Let's go one at a time through this.
However, I want to make sure I understand when you can lose principal. With TIPs, you're only able to buy them on the secondary market (if not using Treasury Direct)
No. Most major brokerages offer $0 or low cost primary auctions for US treasury bonds. Fidelity offers $0 treasury purchases online. Noncompetitive bidding is available for up to $10,000,000 in bonds.
which means you might have to pay more than face value,
Yes. That characterizes the secondary market. TIPS funds are subject to the same risks.

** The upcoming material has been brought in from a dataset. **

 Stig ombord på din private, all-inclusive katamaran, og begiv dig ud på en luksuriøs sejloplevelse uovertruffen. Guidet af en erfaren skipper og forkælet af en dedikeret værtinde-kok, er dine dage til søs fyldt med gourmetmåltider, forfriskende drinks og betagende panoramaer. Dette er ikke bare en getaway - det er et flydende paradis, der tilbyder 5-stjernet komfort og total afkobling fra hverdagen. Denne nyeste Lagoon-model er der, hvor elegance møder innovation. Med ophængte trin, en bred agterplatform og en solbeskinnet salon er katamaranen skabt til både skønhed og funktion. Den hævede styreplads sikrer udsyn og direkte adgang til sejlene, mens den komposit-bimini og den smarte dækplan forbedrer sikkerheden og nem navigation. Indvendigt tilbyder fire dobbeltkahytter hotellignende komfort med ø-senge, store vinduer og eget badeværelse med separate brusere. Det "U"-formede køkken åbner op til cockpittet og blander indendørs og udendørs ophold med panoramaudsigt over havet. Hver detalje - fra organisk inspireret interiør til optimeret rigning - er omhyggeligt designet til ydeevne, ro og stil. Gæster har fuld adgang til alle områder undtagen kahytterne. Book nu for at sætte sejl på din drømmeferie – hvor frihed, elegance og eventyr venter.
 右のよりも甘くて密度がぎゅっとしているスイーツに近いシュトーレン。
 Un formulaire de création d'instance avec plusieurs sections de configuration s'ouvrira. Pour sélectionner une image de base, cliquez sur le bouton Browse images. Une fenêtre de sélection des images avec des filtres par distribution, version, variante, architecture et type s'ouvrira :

and could therefore lose principal if you hold to maturity
Maybe, depending on how you purchased the bond. TIPS maturity values are the maximum of the two: initial face value or inflation adjusted face value. If you hold to maturity and buy at auction, you will not lose your principal. Tax treatment of the principal adjustment due to inflation can complicate the calculations. You may lose any premium you paid over face value to acquire the bond.
or need to sell into the market for less than you purchased for. Do I have that correct?

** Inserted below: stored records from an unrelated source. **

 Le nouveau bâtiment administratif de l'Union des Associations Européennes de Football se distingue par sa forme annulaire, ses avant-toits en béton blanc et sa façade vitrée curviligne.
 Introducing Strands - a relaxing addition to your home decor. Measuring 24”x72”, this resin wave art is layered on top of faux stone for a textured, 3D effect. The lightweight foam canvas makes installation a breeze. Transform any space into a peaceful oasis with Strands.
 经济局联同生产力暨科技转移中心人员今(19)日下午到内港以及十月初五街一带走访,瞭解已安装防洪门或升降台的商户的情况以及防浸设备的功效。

Yes. If you bought in on the secondary market for above the initial principal value, it is possible for depreciation to reduce the adjusted principal value of the bond. You may also lose any premium you paid over face value to acquire the bond.
With I Bonds, since you can only buy them on Treasury Direct, you don't pay more than face value. At any time after 1 year, you can get your full principal back with no loss, albeit a small loss of some interest if held less than 5 years.

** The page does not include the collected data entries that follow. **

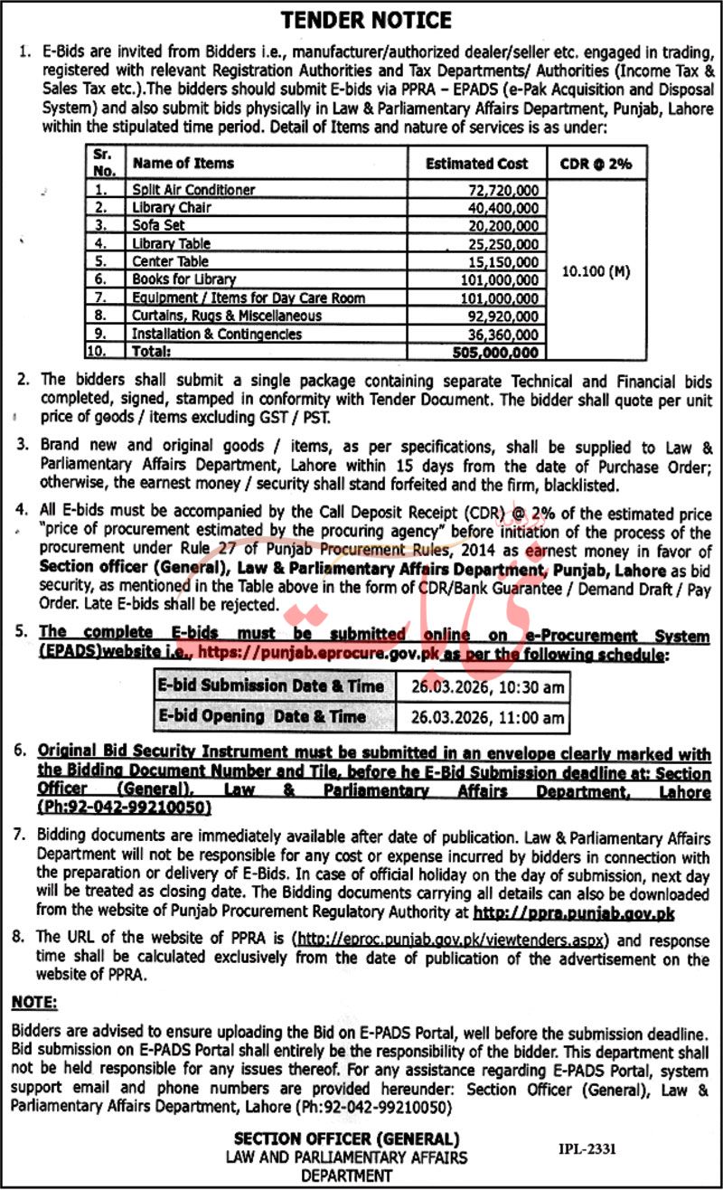 Air Conditioning, Electrical, Electronics, Furniture, General Order Supply, Interiors, Machinery, Mechanical, Stationery, Textile/Uniform/Shoes
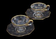 France, late 19th / early 20th century. Each cup and saucer of shaped circular form, the glass acid-etched and enamelled with floral motifs, with parcel-gilt rims and highlights. A matched pair.
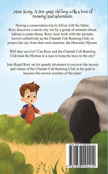 A story to warm the heart, entertain young and old, and told with humour. The Cheetah Cub Running Club is the first in a series of chapter books by the same name for 7-9 year olds introducing the cherished characters of Rapid Rory, Chiku Cheetah, Raziya Rhino and Elon Elephant who form a strong bond through dealing with adversity and their mutual love of running. Meet Rory, A ten-year-old boy with a love of running and adventure. During a conservation trip to Africa with his father, Rory discovers a secret city run by a group of animals whose habitat is under threat. Rory must work with the animals, known collectively as the Cheetah Cub Running Club, to protect the city from their arch enemies, the Heavenly Hyenas. Will they survive? Can Rory and the Cheetah Cub Running Club beat the Hyenas in a race to keep the keys to the city? Join Rapid Rory on his speedy adventure to uncover the secrets and values of the Cheetah Cub Running Club in his goal to become the newest member of the team! An energetic story of friendship, discovery, adventure and adversity Based in the vibrant African Savannahs of South Africa and Boswana A wonderful gift to entertain and inspire young readers
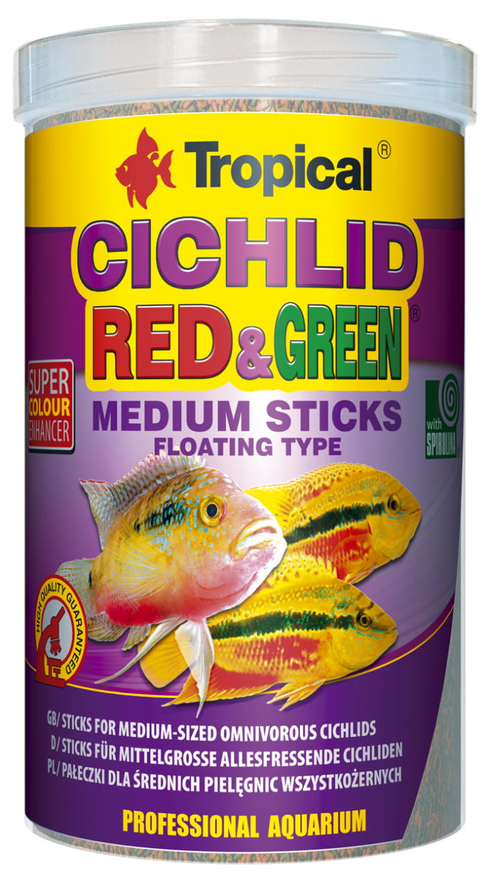 CICHLID RED & GREEN MEDIUM STICKS ist ein Basisfutter in Form von Sticks zur täglichen Fütterung von mittelgroßen Cichliden.
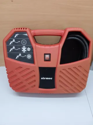 Compresor de aire portátil de la marca Airmec en color naranja. Incluye instrucciones gráficas para inflar diferentes objetos. - Diseño compacto con asa. - Interruptor de encendido/apagado. - Compartimento para manguera.
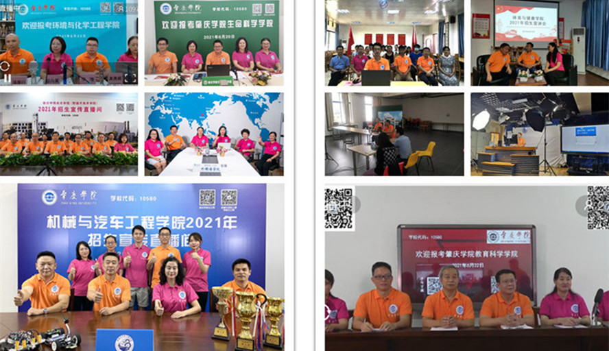 会议结束后,职能部门和二级学院迅速落实会议精神,稳步推进各项宣传工作。继去年招生办首次采取线上直播宣传方式,今年的线上直播宣传扩展至各二级学院。根据安排,6月19日至29日分别组织17个二级学院及职能部门推出超过20场的线上招生宣讲会。截止6月23日,体育与健康学院、生命科学学院、文学院、环境与化学工程学院等学院已完成线上11场招生宣讲会。党委书记、院长、教授、博士齐上阵,在线上从招生信息、专业特色、优势学科、录取原则、高招政策等多种考生渴望了解的内容进行讲解,在线下与考生家长交流互动,引起热烈反响,受到高度评价。

Yes. This penalty decreases your effective yield. I bonds have a 0% floor for the interest rate. This may also reduce your effective yield.
So for example, if someone bought $10,000 worth of I Bonds, they could get their $10,000 back in full after 1 year, just with a 'fee' attached representing some lost interest.
Yes, but it will decrease your effective yield. There may also be tax implications with how the penalty is treated. This is not legal advice (IANAL).
But after 1 year, they wouldn't be at risk of getting less than face value based on market conditions, correct?
Yes, you will receive your principal back, plus any accrued interest.